↓
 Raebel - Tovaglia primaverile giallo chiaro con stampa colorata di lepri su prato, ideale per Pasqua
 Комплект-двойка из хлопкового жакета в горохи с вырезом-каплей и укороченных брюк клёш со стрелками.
↑
↓
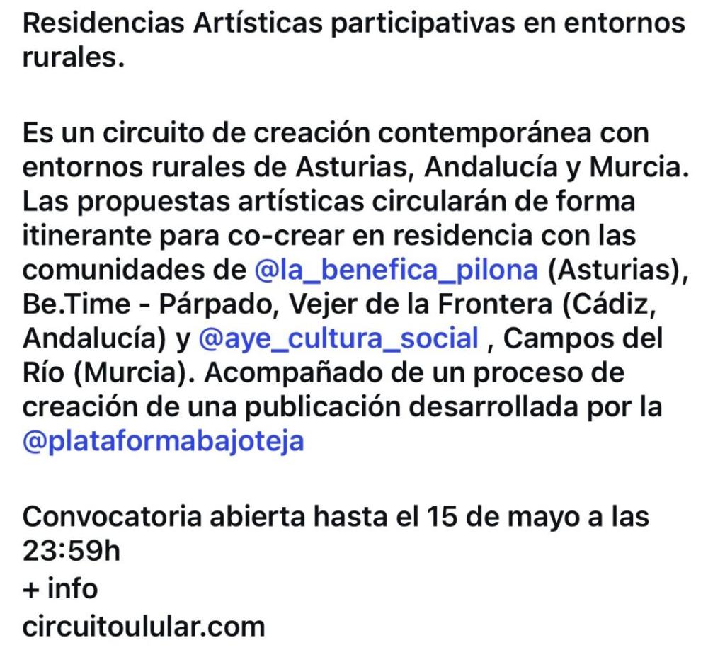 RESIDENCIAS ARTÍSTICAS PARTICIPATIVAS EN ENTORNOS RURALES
↑
*WHAT YOU HAVE TO DO*. Scan the records above for the lines holding "Raebel - Tovaglia" and "Комплект-двойка из хлопкового". Transcribe those two and every line between them word for word, and no others.

*RESPONSE BOX*.
 Raebel - Tovaglia primaverile giallo chiaro con stampa colorata di lepri su prato, ideale per Pasqua
 Комплект-двойка из хлопкового жакета в горохи с вырезом-каплей и укороченных брюк клёш со стрелками.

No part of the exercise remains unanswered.